**What the exercise asks:** For the entries that follow, restate word for word the line containing "Doskonały dom na", the line containing "今日の献立は「変わりピザ」で", and every line that lies between them.

**Provided material:**
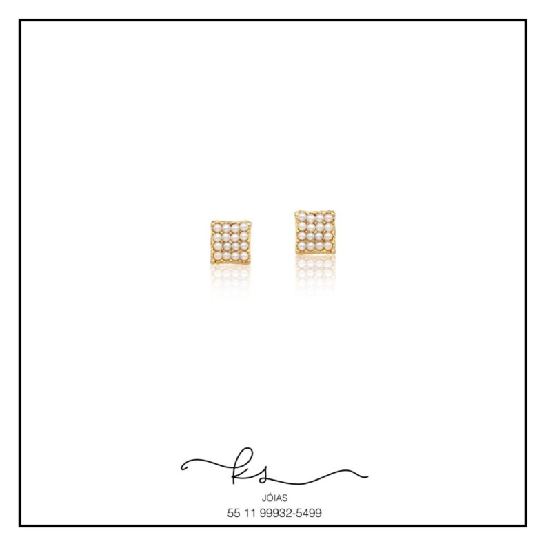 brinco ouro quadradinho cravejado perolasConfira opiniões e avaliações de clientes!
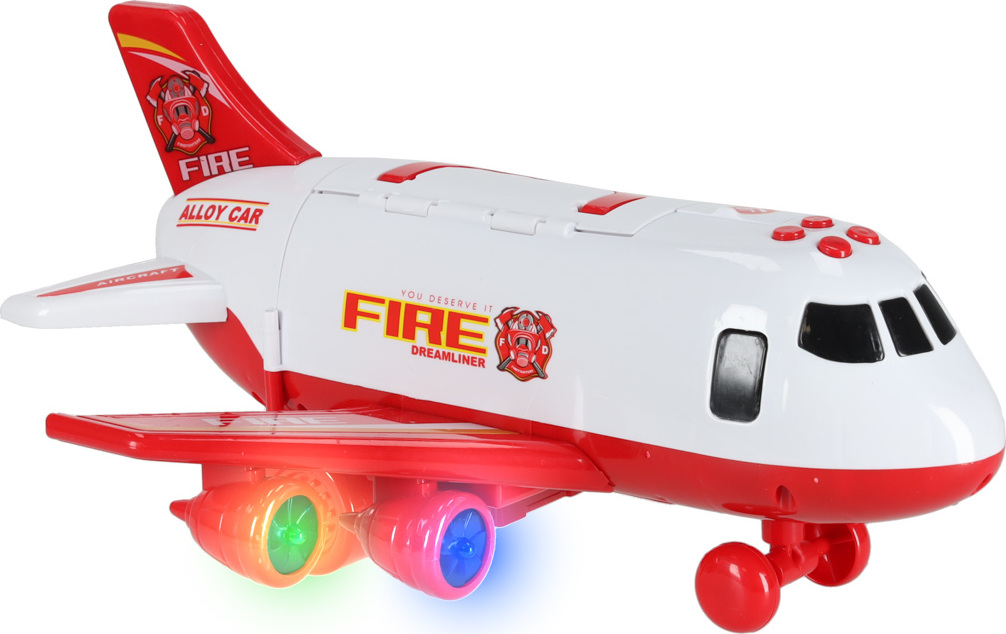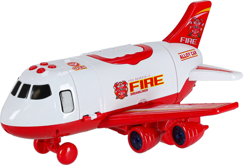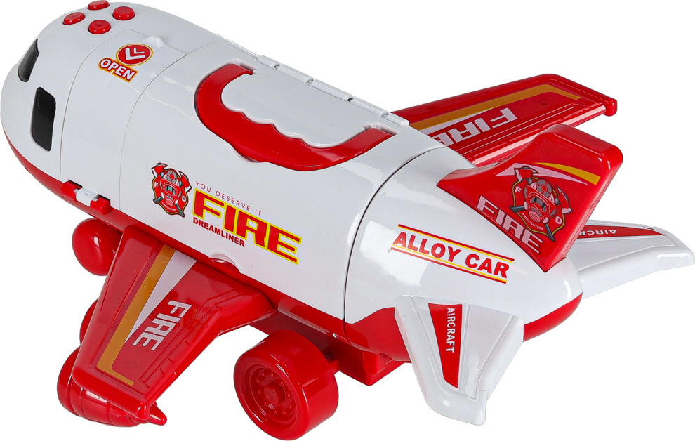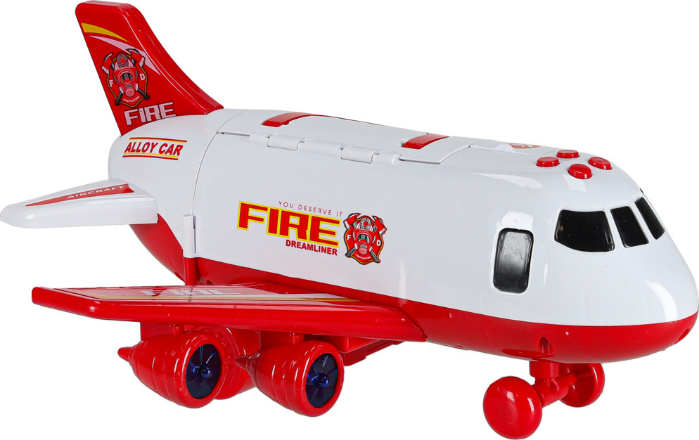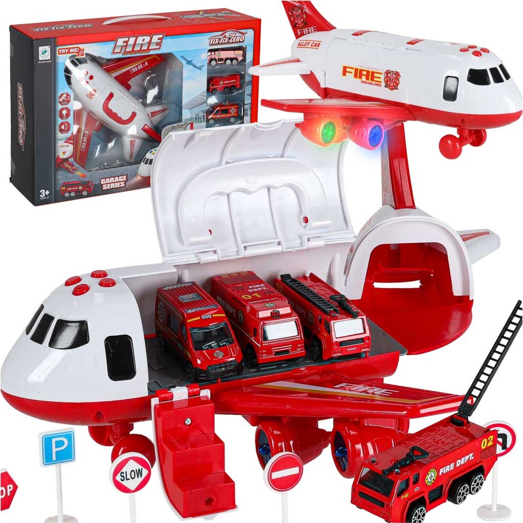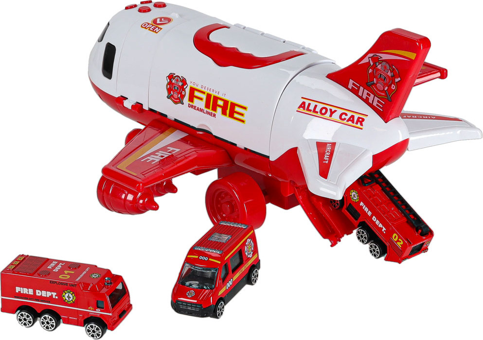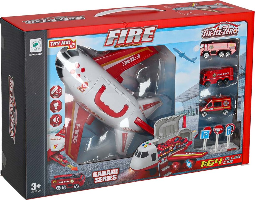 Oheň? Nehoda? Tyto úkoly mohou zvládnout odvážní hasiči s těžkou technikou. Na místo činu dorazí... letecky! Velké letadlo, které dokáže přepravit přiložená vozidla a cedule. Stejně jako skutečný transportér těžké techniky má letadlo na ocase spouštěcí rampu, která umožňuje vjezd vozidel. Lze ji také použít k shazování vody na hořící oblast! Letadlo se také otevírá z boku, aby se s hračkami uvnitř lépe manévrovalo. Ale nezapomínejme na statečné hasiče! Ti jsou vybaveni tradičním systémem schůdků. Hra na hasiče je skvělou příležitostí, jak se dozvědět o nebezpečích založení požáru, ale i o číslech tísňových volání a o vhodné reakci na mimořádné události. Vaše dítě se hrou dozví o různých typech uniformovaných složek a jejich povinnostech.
--
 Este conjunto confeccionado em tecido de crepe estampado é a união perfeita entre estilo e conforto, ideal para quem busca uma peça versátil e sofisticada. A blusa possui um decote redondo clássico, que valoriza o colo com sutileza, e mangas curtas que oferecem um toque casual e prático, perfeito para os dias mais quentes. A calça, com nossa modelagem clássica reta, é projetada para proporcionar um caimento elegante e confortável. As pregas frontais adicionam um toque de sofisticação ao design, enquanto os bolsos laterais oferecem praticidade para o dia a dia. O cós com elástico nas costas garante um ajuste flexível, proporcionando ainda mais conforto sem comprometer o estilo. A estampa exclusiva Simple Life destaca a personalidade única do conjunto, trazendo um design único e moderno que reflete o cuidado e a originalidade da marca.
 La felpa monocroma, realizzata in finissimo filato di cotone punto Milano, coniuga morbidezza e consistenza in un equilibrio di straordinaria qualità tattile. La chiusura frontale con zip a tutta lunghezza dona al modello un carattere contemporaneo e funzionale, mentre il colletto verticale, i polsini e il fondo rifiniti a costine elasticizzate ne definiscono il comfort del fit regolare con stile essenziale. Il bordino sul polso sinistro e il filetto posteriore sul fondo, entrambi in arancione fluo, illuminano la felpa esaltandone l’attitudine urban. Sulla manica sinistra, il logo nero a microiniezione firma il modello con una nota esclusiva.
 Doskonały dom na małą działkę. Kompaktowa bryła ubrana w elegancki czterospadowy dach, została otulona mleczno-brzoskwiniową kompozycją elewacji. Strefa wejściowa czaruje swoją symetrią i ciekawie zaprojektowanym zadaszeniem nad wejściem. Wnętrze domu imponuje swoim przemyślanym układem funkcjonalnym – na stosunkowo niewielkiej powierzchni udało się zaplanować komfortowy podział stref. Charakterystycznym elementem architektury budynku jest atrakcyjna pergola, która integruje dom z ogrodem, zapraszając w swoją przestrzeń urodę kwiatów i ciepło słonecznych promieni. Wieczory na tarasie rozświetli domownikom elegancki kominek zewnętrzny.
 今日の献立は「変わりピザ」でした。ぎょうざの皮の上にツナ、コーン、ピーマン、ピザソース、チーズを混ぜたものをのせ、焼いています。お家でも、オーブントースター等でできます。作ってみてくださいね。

**Response to this exercise:**
 Doskonały dom na małą działkę. Kompaktowa bryła ubrana w elegancki czterospadowy dach, została otulona mleczno-brzoskwiniową kompozycją elewacji. Strefa wejściowa czaruje swoją symetrią i ciekawie zaprojektowanym zadaszeniem nad wejściem. Wnętrze domu imponuje swoim przemyślanym układem funkcjonalnym – na stosunkowo niewielkiej powierzchni udało się zaplanować komfortowy podział stref. Charakterystycznym elementem architektury budynku jest atrakcyjna pergola, która integruje dom z ogrodem, zapraszając w swoją przestrzeń urodę kwiatów i ciepło słonecznych promieni. Wieczory na tarasie rozświetli domownikom elegancki kominek zewnętrzny.
 今日の献立は「変わりピザ」でした。ぎょうざの皮の上にツナ、コーン、ピーマン、ピザソース、チーズを混ぜたものをのせ、焼いています。お家でも、オーブントースター等でできます。作ってみてくださいね。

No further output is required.